→ MATERIAL FOR THE TASK
══════════

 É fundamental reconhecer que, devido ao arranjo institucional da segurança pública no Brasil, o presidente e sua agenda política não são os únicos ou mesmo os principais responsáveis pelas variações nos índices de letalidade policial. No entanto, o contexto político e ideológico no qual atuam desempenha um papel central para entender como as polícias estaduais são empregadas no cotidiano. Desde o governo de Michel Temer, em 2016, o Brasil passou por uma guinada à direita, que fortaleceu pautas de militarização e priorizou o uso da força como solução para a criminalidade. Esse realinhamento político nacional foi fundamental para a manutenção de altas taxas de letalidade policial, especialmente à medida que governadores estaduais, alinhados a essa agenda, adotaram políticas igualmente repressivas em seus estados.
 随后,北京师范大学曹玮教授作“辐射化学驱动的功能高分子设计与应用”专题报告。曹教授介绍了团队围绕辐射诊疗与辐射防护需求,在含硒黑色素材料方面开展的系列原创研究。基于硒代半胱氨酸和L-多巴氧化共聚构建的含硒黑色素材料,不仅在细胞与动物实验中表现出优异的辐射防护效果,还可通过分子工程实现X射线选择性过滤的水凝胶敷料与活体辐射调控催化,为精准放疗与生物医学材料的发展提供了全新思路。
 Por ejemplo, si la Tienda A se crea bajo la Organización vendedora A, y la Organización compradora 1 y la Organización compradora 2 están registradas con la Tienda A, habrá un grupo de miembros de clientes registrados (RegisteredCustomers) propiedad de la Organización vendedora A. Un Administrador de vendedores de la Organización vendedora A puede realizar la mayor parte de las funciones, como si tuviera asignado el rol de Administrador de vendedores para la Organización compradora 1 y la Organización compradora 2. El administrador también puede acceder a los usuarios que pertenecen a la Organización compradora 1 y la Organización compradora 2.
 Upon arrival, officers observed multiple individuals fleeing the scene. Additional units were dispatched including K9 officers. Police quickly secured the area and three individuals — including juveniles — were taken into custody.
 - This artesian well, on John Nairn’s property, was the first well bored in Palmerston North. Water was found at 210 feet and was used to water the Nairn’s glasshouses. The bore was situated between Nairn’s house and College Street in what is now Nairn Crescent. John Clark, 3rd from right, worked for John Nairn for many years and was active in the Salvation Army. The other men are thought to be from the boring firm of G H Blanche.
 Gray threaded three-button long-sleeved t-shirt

══════════

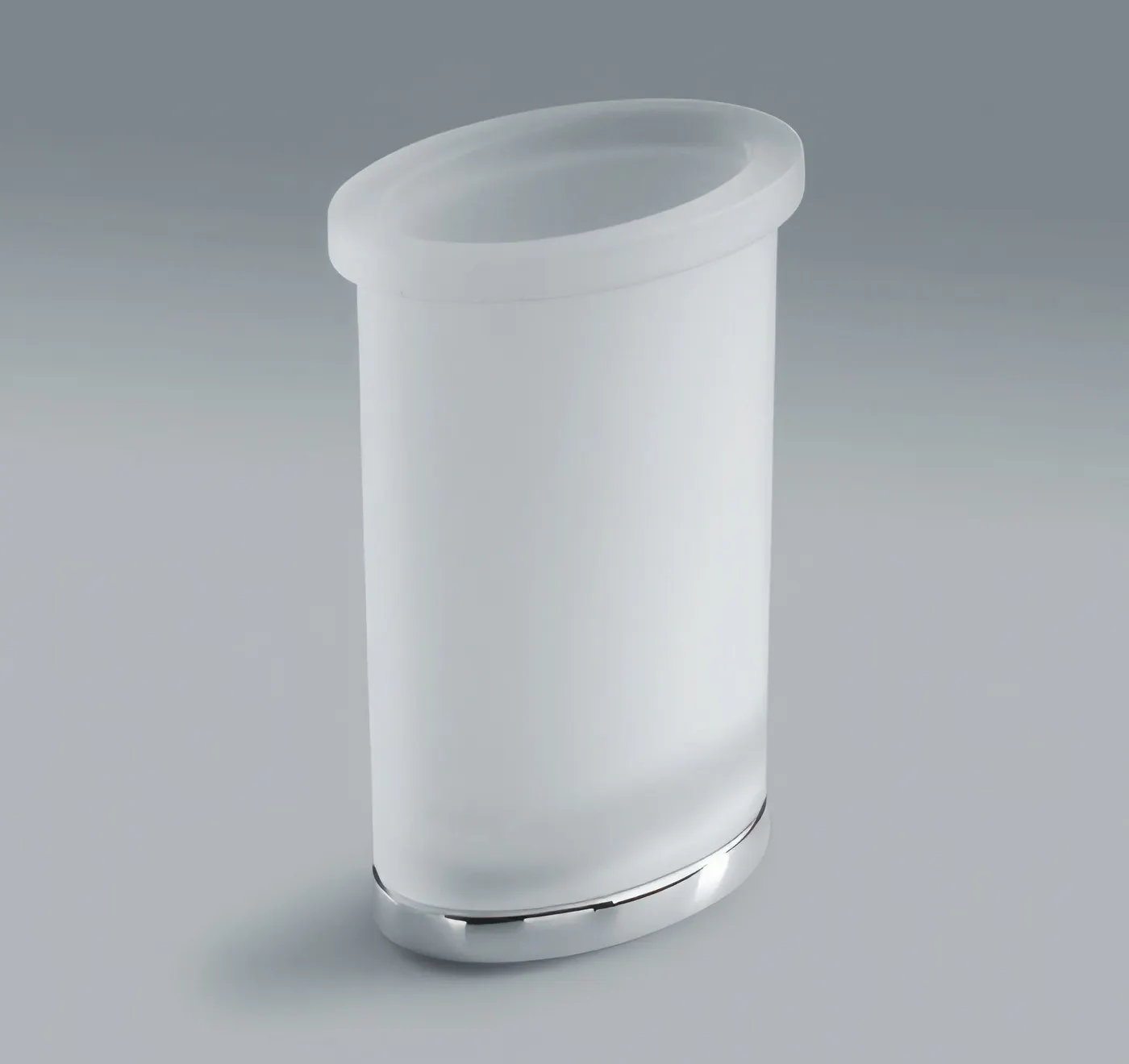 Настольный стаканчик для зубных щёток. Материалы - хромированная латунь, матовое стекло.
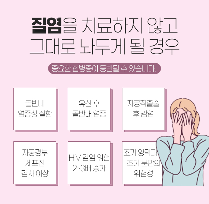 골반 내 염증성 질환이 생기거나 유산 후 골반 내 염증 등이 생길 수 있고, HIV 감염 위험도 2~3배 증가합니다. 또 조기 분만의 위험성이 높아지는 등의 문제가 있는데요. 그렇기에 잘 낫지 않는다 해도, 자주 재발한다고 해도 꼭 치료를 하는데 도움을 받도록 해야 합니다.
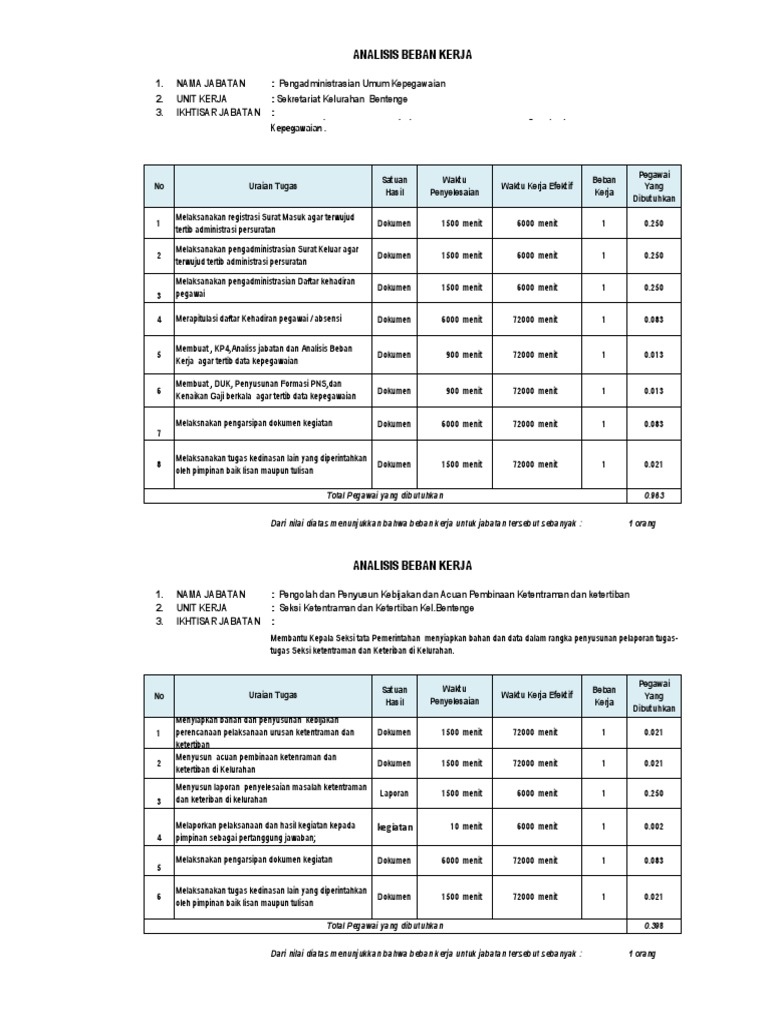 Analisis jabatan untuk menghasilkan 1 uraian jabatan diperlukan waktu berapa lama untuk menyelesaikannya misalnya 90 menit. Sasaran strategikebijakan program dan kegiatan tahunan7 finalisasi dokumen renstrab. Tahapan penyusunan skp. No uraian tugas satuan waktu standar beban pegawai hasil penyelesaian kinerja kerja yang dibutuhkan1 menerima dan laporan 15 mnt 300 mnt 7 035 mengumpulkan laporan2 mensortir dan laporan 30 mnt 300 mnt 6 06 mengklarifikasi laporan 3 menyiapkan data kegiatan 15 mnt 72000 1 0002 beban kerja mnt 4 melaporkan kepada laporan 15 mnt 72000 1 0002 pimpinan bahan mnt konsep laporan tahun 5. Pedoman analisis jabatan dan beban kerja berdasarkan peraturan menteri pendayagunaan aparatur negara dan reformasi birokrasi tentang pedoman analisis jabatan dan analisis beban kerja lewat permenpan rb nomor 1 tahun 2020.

══════════

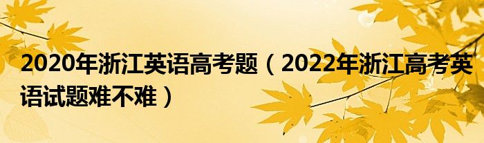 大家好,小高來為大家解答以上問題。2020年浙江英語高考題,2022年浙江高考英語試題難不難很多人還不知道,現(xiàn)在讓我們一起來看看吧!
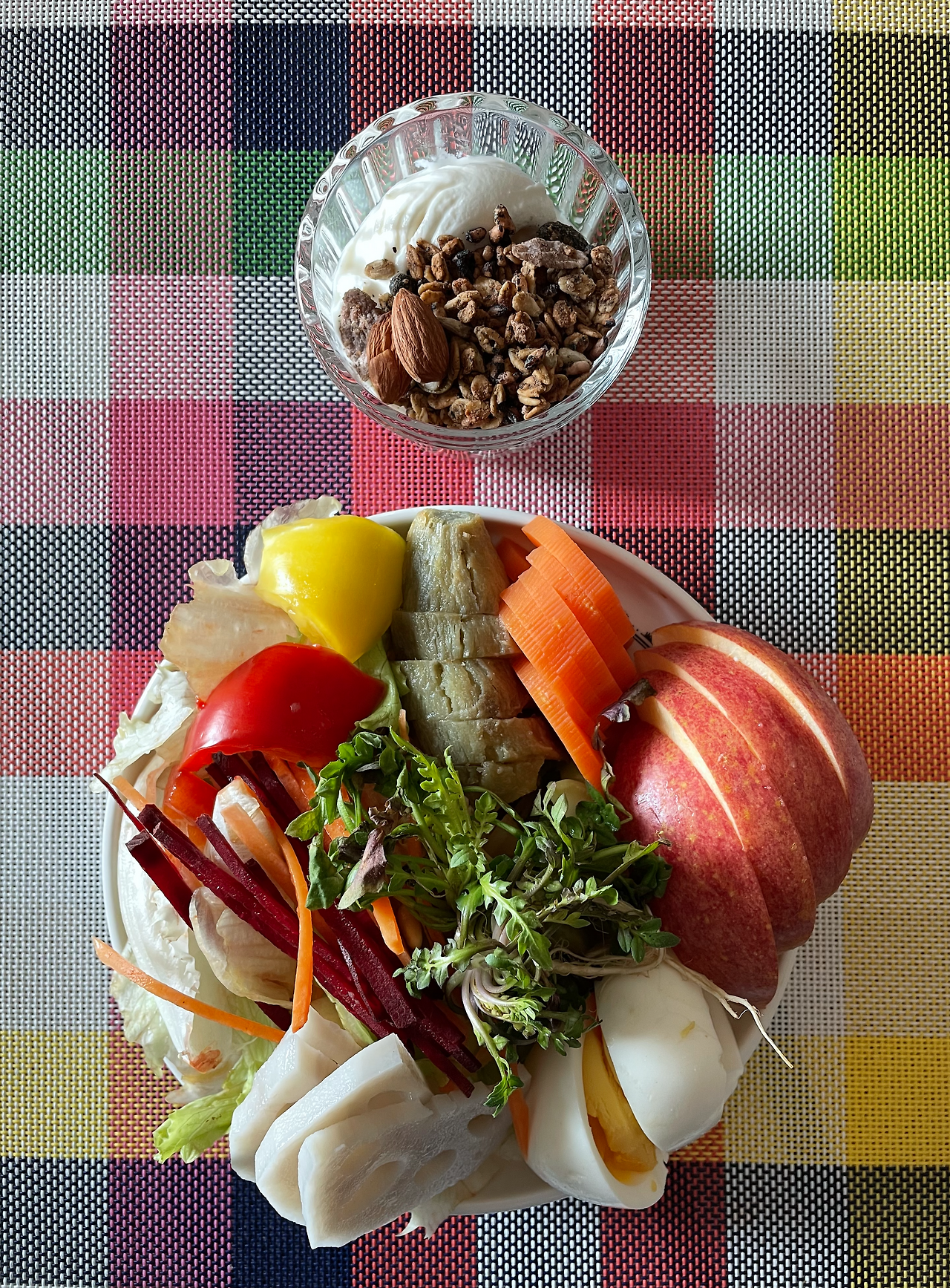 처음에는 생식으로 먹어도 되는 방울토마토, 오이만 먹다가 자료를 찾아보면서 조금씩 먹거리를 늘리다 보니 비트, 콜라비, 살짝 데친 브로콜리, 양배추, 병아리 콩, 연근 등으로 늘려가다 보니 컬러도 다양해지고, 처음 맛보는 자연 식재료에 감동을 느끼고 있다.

══════════

→ INSTRUCTIONS FOR THE TASK
All lines above that hold the string "three" should be copied.

→ TASK SOLUTION
 Upon arrival, officers observed multiple individuals fleeing the scene. Additional units were dispatched including K9 officers. Police quickly secured the area and three individuals — including juveniles — were taken into custody.
 Gray threaded three-button long-sleeved t-shirt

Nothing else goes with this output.